In many countries around the world, however, communities already employ effective approaches that have demonstrated impact. In Cape Town, South Africa, for example, I worked with a nonprofit that hired people from the community and trained them as peer health educators to tackle chronic health issues. This is where I first witnessed the power of peer education and the ripple effect such educators have not only on an individual’s health, but also on other aspects of their lives.

When I returned to my hometown of New York City, I immediately saw the potential to adapt this model of health care delivery from abroad and apply it to my neighborhood here in East Harlem. This is a neighborhood in which life expectancy is 9 years lower than the life expectancy of residents of midtown Manhattan. 50% of healthcare spending in this community is on only 5% of the population. The level of chronic illness in this community is so great that clinicians struggle to deliver the high-quality care patients need. They often aren’t able to support patients through the necessary long-term nutritional and behavioral changes to keep chronic illness under check. They are completely overburdened.

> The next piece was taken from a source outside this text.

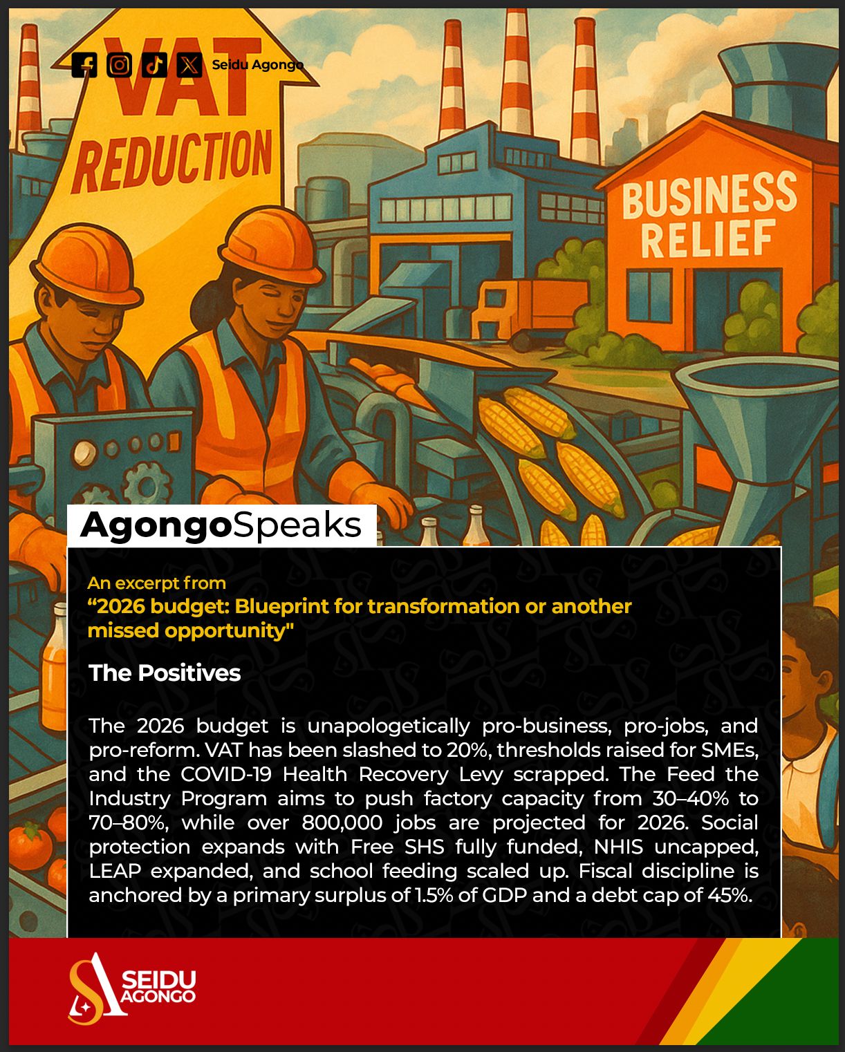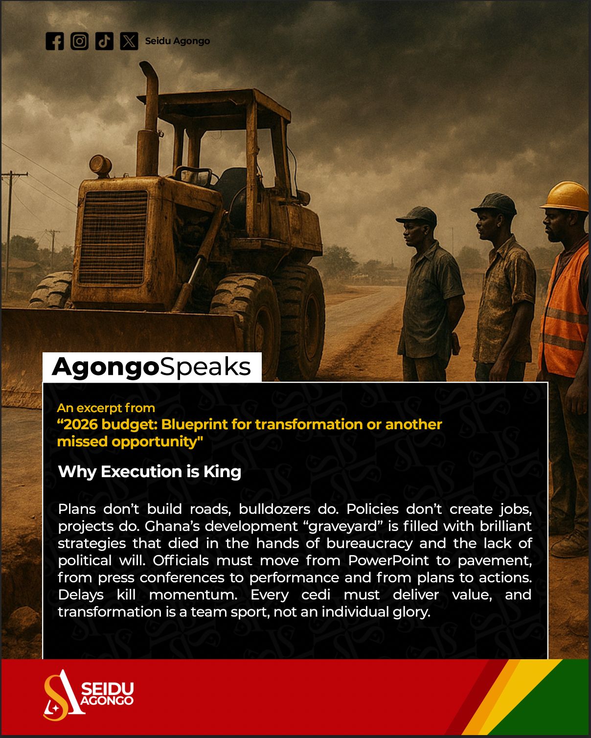 The budget offers several positives, including tax reliefs, industrial push, job creation, social protection, and fiscal discipline anchored in law. However, the writer, Seidu Agongo, a businessman and philanthropist, cautions that plans don’t build roads, bulldozers do, and policies don’t create jobs, projects do.

That’s where City Health Works comes in.

Inspired by community health worker innovations from South Africa, City Health Works engages community members to serve as the bridge between the doctor’s office and the real challenges people with chronic illnesses face on an ongoing basis. We don’t replace traditional medical care. We simply fill a gap between the health care system and the everyday lives of the people that system is meant to serve.

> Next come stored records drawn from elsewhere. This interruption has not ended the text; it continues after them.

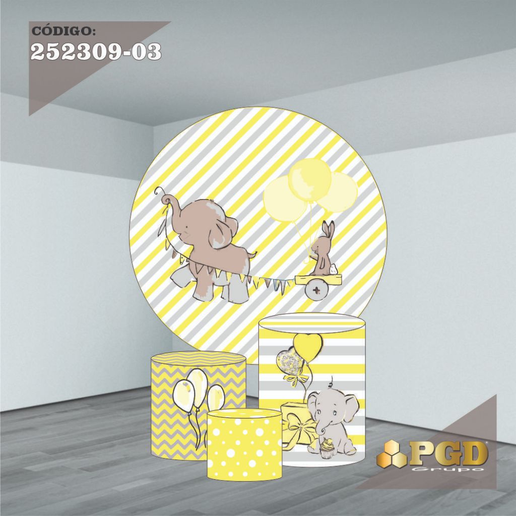 Capas de painel redondo, trio de capas veste fácil, tema ELEFANTE Sublimado decoração de aniversário
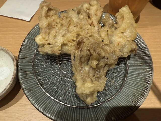 舞茸の天ぷらにちょっと塩をまぶしていただきます
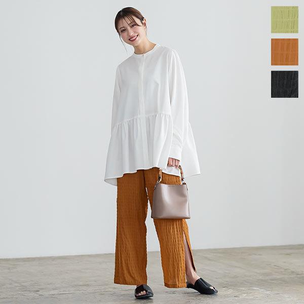 ウエストゴムで着心地楽ちん+裾スリットが脚を自然とスッキリ見せてくれるのも嬉しいポイントです。
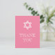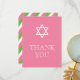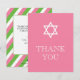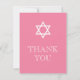 Esta tarjeta judía de agradecimiento se empareja maravillosamente con VG invita a Chica de Ceremonia Religiosa conjunto de invitaciones. Presenta una Estrella de David con un fondo rosado precoz. En la parte trasera encontrarás tiras rosas y verdes y una sección para añadir tu saludo personal. Consulte www.zazzle.com/vginvites para obtener una invitación y sobres coincidentes.
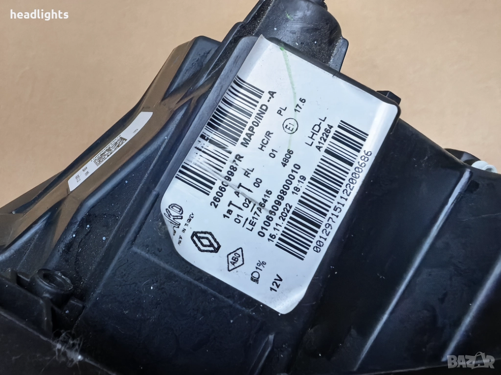 Оригинален ляв фар за Renault Clio Full LED - Технически работи без забележки, има един счупен захват на корпуса и поправена забележка (пукнатина) на стъклото. Оборудван с модул.
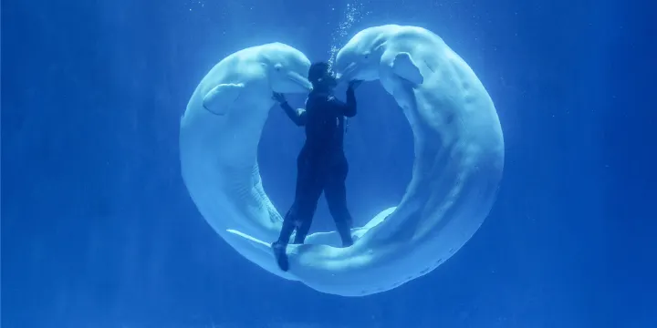 2. 浪漫|白鯨秀:白鯨化身舞者,人鯨共舞譜寫唯美戀歌。
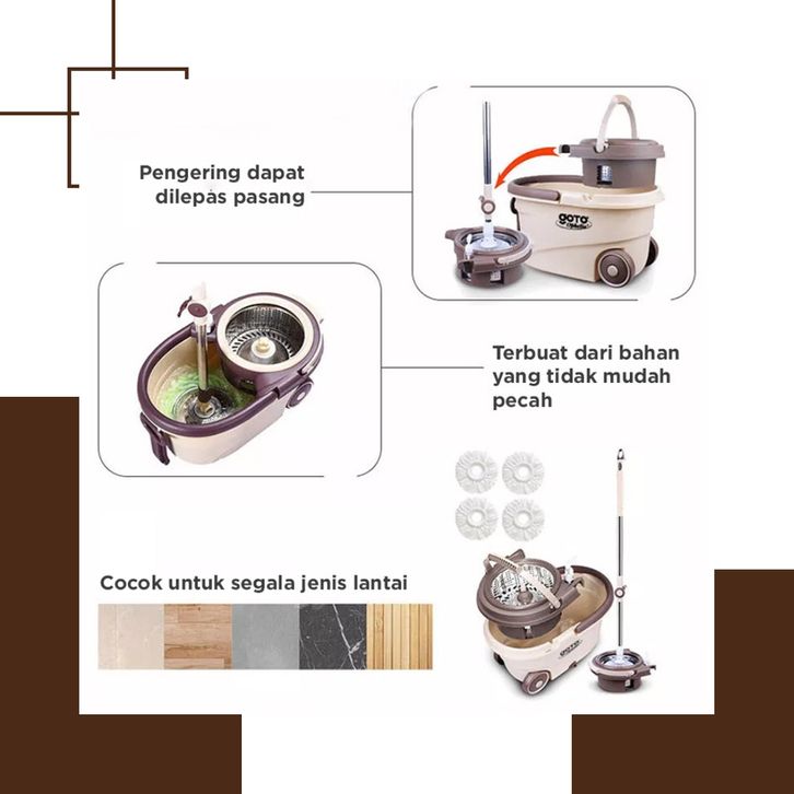 Alat Pembersih Lantai Pel Pelan Set Putar Goto Ophelia Spin Mop Ultra
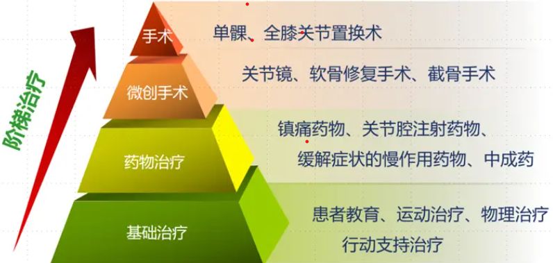 骨關(guān)節(jié)炎的治療并非只有吃藥和手術(shù),而是遵循一個(gè)科學(xué)的“階梯治療” 原則。這個(gè)概念就像爬樓梯,從最簡單、最基礎(chǔ)的生活方式干預(yù)開始,如果效果不佳,再逐步升級(jí)到更復(fù)雜的治療方案。
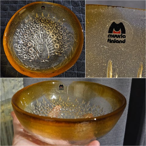 Vintage Muurla Finland design Raija Luoto Riikinkukko sarjan lasinen kulho malja tarjoilu astia jossa on vähän normaalia käytönjälkeä ohuina viiruina lähinnä pohjassa. Katso siis kuvat. Lisään myös muita Riikinkukko astioita myyntiin.
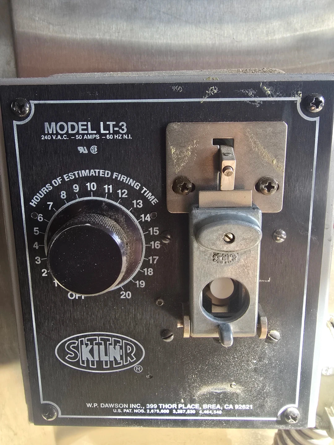 This is a LT-3 kiln. It runs on 240 V.A.C. and uses 50 amps. The estimated firing time is adjustable up to 20 hours. It's great for firing pottery and ceramics. Can be tested upon request.
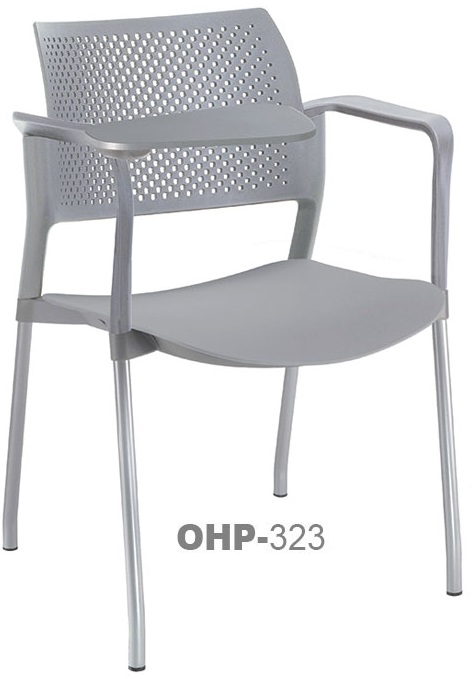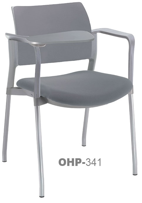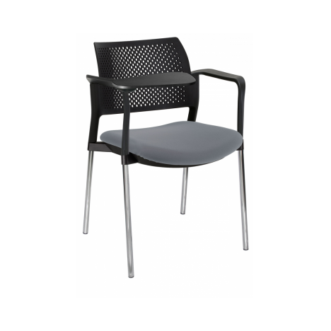estructura: de acero tubular de 7/8" de diámetro, calibre 14; color gris, con descansabrazos de polipropileno en color negro y con paleta lateral abatible en color negro fijada al brazo mediante un dispositivo. respaldo: en polipropileno de alta densidad y alta resilencia.

We start by finding and employing individuals living within the neighborhood who have a strong sense of empathy and good listening skills, are non-judgmental in nature, and can speak to shared life experiences. We train them to become health coaches: we teach them how to build relationships with their patients and truly get to know their needs, which often go beyond health and health care. In addition to receiving training on basic health care in a clinical environment, health coaches learn how to make referrals to services like banking and housing, and recommendations for recreational activities, such as local walking groups, knitting clubs, and bingo nights.

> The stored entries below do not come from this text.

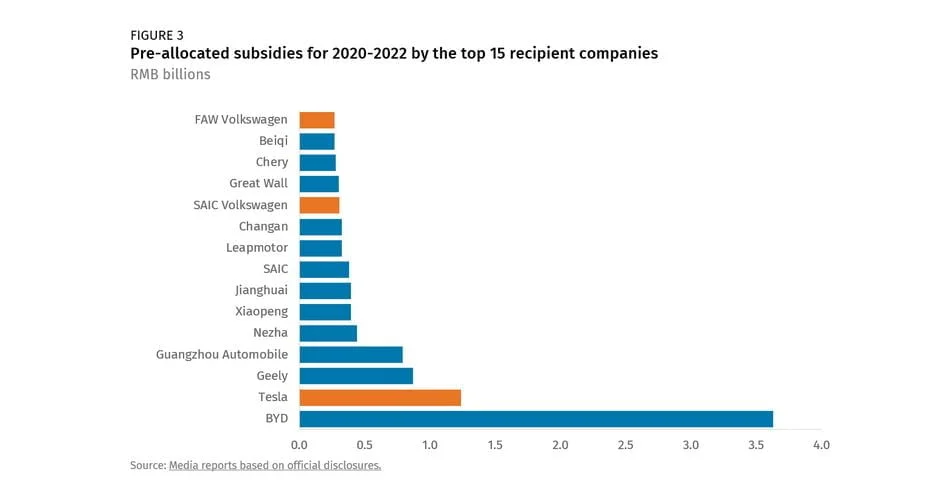 BYD, lider na chińskim rynku pojazdów elektrycznych (na światowym rynku ustępuje tylko Tesli przyp. aut.), odniósł znaczne korzyści z tego systemu dotacji. Jednak nie tylko krajowe firmy czerpią korzyści. Międzynarodowi giganci motoryzacyjni, tacy jak Tesla i Volkswagen, dzięki współpracy z chińskimi firmami SAIC i FAW, również znaleźli się w kręgu odbiorców analizowanych przez UE dotacji. W latach 2020–2022 Tesla zgromadziła dotacje o wartości 1,24 miliarda RMB (192 mln USD), podczas gdy spółki joint venture Volkswagena zgromadziły 0,58 miliarda RMB (79 mln USD).
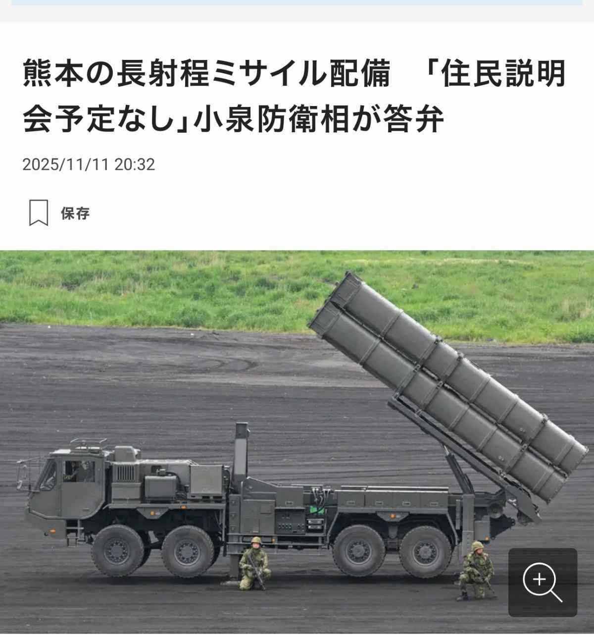 有事の際の「反撃能力」(敵基地攻撃能力)となる長射程ミサイルを熊本市東区の陸上自衛隊健軍駐屯地に最初に配備する計画を巡り、小泉進次郎防衛相は11日の衆院予算委員会で「現時点で住民説明会を実施する予定はない」と述べた。健軍駐屯地近くの商店街では9日に主催者発表で約1200人が参加した集会があり、配備
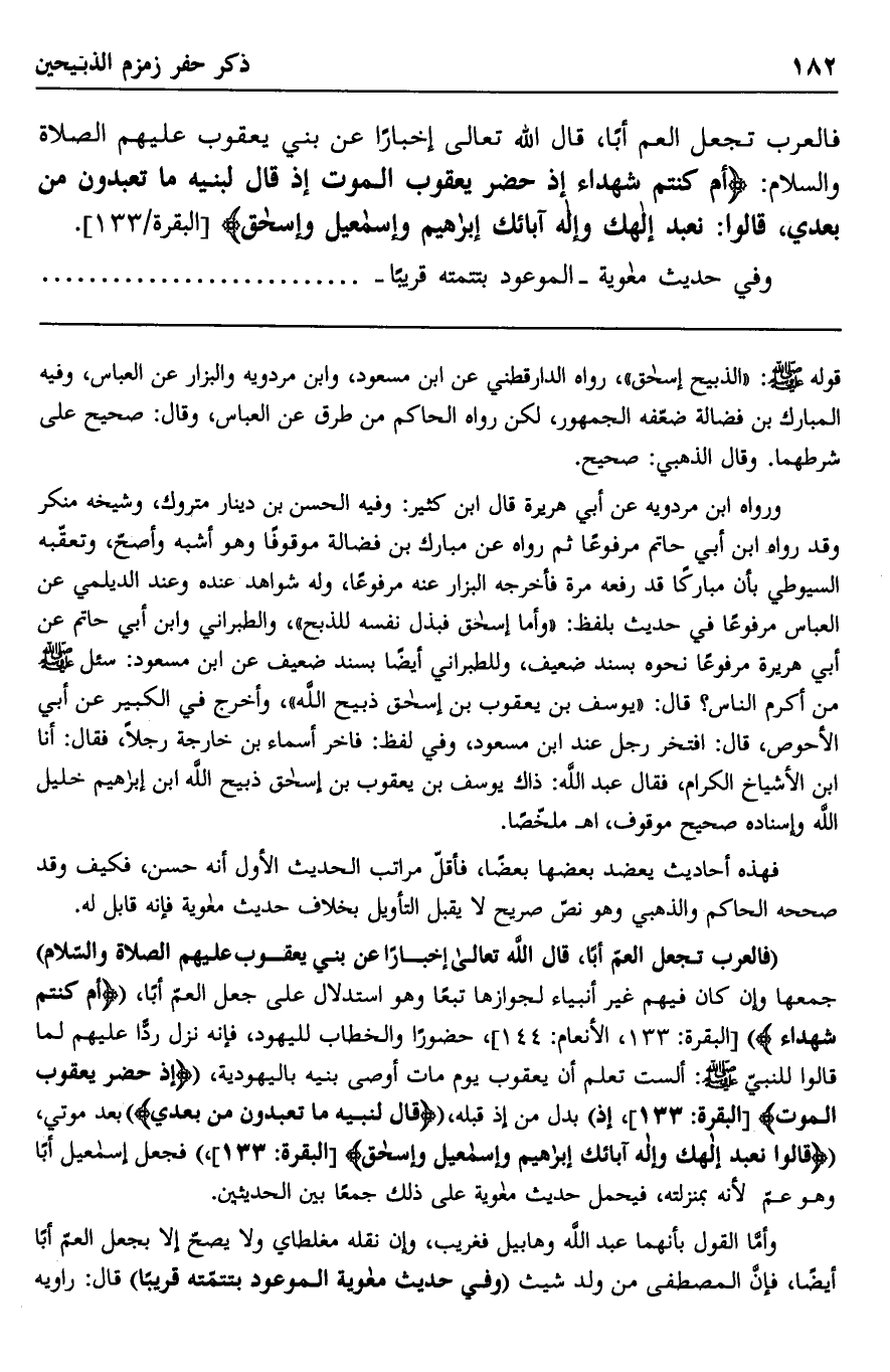 قوله صلى الله عليه وسلم: "الذبيح إسحاق" رواه الدارقطني عن ابن مسعود وابن مردويه والبزار عن العباس، وفيه المبارك بن فضالة ضعفه الجمهور، لكن رواه الحاكم من طرق عن العباس، وقال: صحيح علي شرطهما. وقال الذهبي: صحيح.

Hospitals and clinics can refer patients directly to us. They refer individuals who struggle with multiple chronic diseases and the stressors of poverty, old age, physical and mental limitations, and language or literacy barriers. Most of them experience depression and struggle with social isolation.

We pair each patient with one of our health coaches so they can receive personalized support and the resources they need to make healthy choices. Initially, there is some hesitation on the part of patients. Health choices are, after all, deeply personal. But once they learn that their coach is from the same neighborhood, they grew up down the street from them, or they even live in their same housing complex, they become more comfortable. Trust is assumed and they open up.

Today, our health coaches meet one-on-one with more than 300 patients in East Harlem on a regular basis. Over the first two years of the program, we measured depression levels amongst our patients and found that simply having a health coach who visits them regularly had a huge effect on their social and emotional well-being. Coaches have a powerful ability to motivate their patients, help them build self-confidence, and strengthen their ability to manage their lifestyle and medical care. We are proving that adding extra support for those who need it most not only saves money, but saves lives.

By adopting practices from outside of the U.S.––an approach for which the Robert Wood Johnson Foundation is now actively seeking proposals––City Health Works has been able to provide critical social support for the people in New York City who need it most. We are changing attitudes about the role of community, fostering health as a shared value, and changing our patient’s expectations about the level of care they should be getting. By fostering an engaged community, we are breaking through the walls of isolation and building a Culture of Health.